Market segmentation involves taking a set of individuals and partitioning them into smaller groups or segments. Cluster analysis is one of the simplest algorithms to partition n observations into k clusters or groups.
In this assignment, we will analyze FordData from the Ford survey using Factor Analysis to understand the relationship among potential demand drivers and then use a clustering algorithm to form segments. You will i) apply factor analysis on the Ford FordDataset to extract meaning from a set of potential purchase motivations; ii) create an index score that summarizes factor information; iii) run a cluster analysis to form market segments; iv) name each segment; and v) assign each respondent to a segment for further analysis.
Compile your answers into a .html file and upload it to CarmenCanvas.
The instructor will provide as to how to compile to a .html file.

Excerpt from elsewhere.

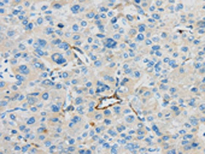 The image on the left is immunohistochemistry of paraffin-embedded Human liver cancer tissue using CSB-PA120615(CD63 Antibody) at dilution 1/35, on the right is treated with synthetic peptide. (Original magnification: ×200)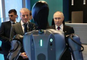 Russian President Vladimir Putin and Sberbank’s CEO German Gref visit the exhibition of the international conference on artificial intelligence “AI Journey”, in Moscow, Russia, November 19, 2025. Sputnik/Vyacheslav Prokofyev/Pool via REUTERS

Insert
a R code chunk when necessary to answer questions.
a. Read the FordData (Ford_Data.csv) in to your R console using the following command.
FordData = read.csv("Ford_Data.csv",sep=",",header = TRUE)
varname = colnames(FordData)
b. Create a subset Motivations by selecting the
following variables of Motivations using grepl(). The Excel
file Ford_Motivation Variable coding.xlsx (Under Modules -> Ford
FordData) provides illustration of each variable. You may find the
following code helpful.
# The command below will extract responses for Q2 and Q3 (Motivational variable and frustration variables)
Motivations.temp = FordData[ , grepl("Q2_", names(FordData) )| grepl("Q3_", names( FordData ) ) ]
#Motivations.temp[,19]
Motivations = Motivations.temp[,-c(19,33)]; rm(Motivations.temp)
colnames(Motivations) = c("trans","roadtrip","rackuser","haul","command","reliable","handlecond","concern","adjslow","expressme","lookright","dontcarecar","tech_driveconsist","tech_defensive","hearothers","comfortable","panoramicview", "other","bad_GM", "highbill", "difficulttodrive", "notcomfortable", "hassletoshare","difficulttoload", "dontlikecoldcar", "likelytogetlost", "notenoughroom", "notenoughtowcap", "notenoughstable", "notenoughhauling", "other_frus" )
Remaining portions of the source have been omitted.